999精品在线视频,手机成人午夜在线视频,久久不卡国产精品无码,中日无码在线观看,成人av手机在线观看,日韩精品亚洲一区中文字幕,亚洲av无码人妻,四虎国产在线观看 ?

THE CURIOUS ASSASSINATION OF CHINA’S FIRST PUBLISHER

2017-04-29 00:00:00HATTYLIU
漢語世界(The World of Chinese) 2017年2期

Murder, conspiracy, nationalism, and the violent history of Chinese publishing 1914年,商務(wù)印書館創(chuàng)始人夏瑞芳在上海遇刺身亡,從此留下了一樁百年懸案.

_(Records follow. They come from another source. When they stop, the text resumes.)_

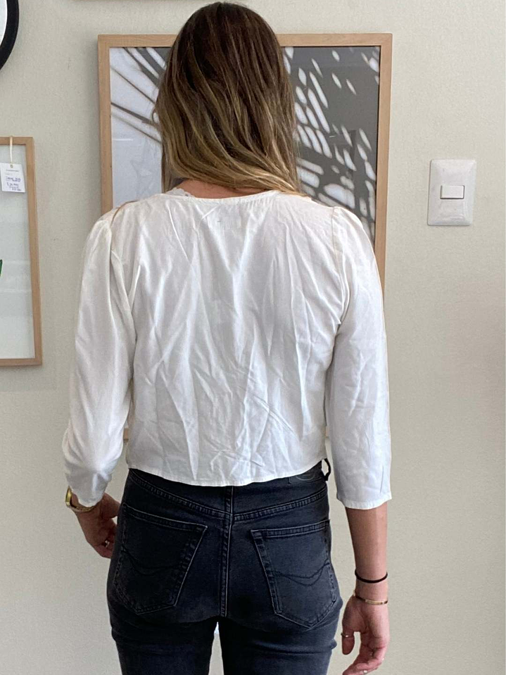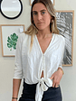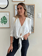 Blusa Manga Larga Botones Blanca Amarra Lalalou
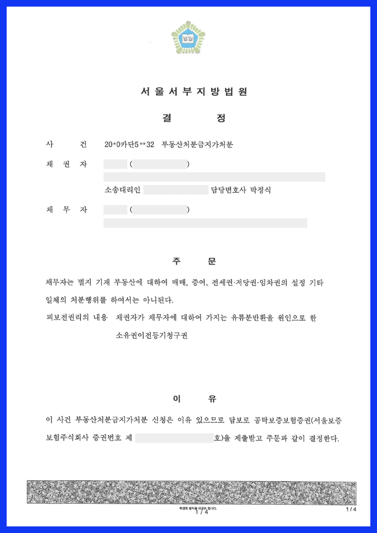 그러나 해당 부동산은 채무자의 부친이 소유하고 있던 부동산으로 부친 사망 이후 상속인들이 협의하여 우선 모친인 피상속인 명의로 상속을 하고, 나중에 모친 사망 이후 3형제자매가 나누기로 했던 부동산이므로 피상속인이 이를 채무자에게만 유증한다는 유언공증을 할 리가 없고, 위 유언공증을 피상속인의 의사에 반하는 것으로 무효라고 주장하면서 장남인 채무자를 상대로 유언공증 무효 및 유류분반환청구를 하기로 하고, 우선 다른 형제들은 채권자의 유류분반환청구권을 피보전권리로 하여 부동산처분금지가처분신청을 한 사안입니다.
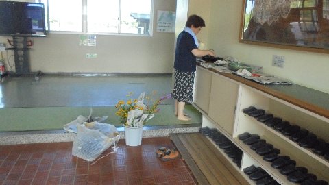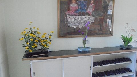 今日も生け花ボランティアの細川さんが花を生けに来校して下さいました。毎週毎週ありがとうございました。次回は9月にスタートして下さいます。

On January 10, 1914, Xia Ruifang (夏瑞芳), director of Shanghai’s Commercial Press, was shot by a waiting assassin as he exited his company’s main retail store on Henan Road at 5 p.m. He died at the hospital, aged 43, and his murderer’s identity is one of the unsolved mysteries of the Republic of China. Unlike other episodes of sudden death and serial violence splashed across Shanghai’s sordid early history—the suicides of starlets, gang-related crime sprees—the death of the director of what was then China’s biggest publishing company, which was an interest in all print matter from dictionaries to magazines to Bible translations, was surprisingly devoid of gruesome mise-en-scène and salacious detail.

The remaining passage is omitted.